Develop a sleep time routine with your toddler. This extends past the actual time itself: make sure that you do the same things every night. These may include things like having a bath, reading them a book or talking about the day. Make sure they've gone to the toilet and brushed their teeth. It's not the time to engage them in videogames, movies, play time or anything else that may stimulate them. Be clear about what is happening. Say goodnight naturally, and put them at ease before you leave the room.
It may take some time to settle on a suitable bed time for toddlers. Because all children and house and family situations are different, you may need to adjust you toddler's sleep time slightly rather than exactly follow the same time as your friend or neighbour's. Get your toddler to slow down and don't let that second wind take hold!

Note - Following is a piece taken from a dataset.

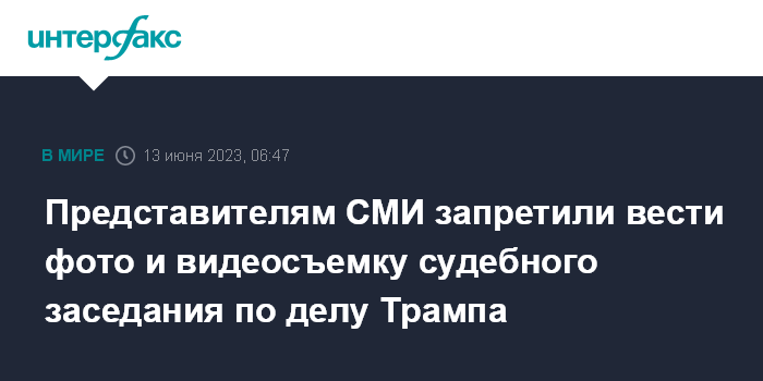 Москва. 13 июня. INTERFAX.RU - Представителям СМИ будет запрещено проносить мобильные телефоны и другие электронные устройства в здание суда, где 13 июня экс-президенту США Дональду Трампу должно быть предъявлено обвинение, сообщает телеканал NBC News.

If your child complains of the dark, invest in a night light which will help them initially. Some toddlers will only need to use them for just a few months before you are able to phase them out.
If your child calls out during the night, try your best to ignore them as on many occasions they will be able to settle themselves. The same rule applies with putting toddlers down to sleep in the first place: try your best to make sure their concerns are genuine and only then, should you go to them. If you go at their every whim, they will soon take advantage of it so while difficult, trying to ascertain their concerns is crucial.
Some toddlers will grind their teeth during sleep. This may be loud and concerning, but don't worry too much. If you feel that it is excessive, seek advice from your GP who will be able to help you determine if there is a greater problem - though this is rare.
Sometimes toddlers may be genuinely hungry, although night time eating should be discouraged once they enter their toddler years. There are a number of ways to phase out night time eating. These include shortening feeds for breastfed babies, and then cutting that down to less nights per week. Use this same analogy but apply it to volume for bottle-fed babies. Obviously, they are still growing, so make sure you temper this with their growing daily food requirements.
If they get up help them back to bad with little, or ideally, zero fuss. This may take a number of times, but persist with it and stay calm! Some parents suggest erecting a child gate if the problem gets out of hand, but our experience shows that results and sleeping through the night will come if you stay consistent, positive and calm.
Make sure you lavish your child with praise if they stayed in bed and went to sleep. Tell them how proud you are. On the flip side, it's best not to acknowledge toddler's bad behaviour the following day - it won't help and the focus should be kept on keeping things positive.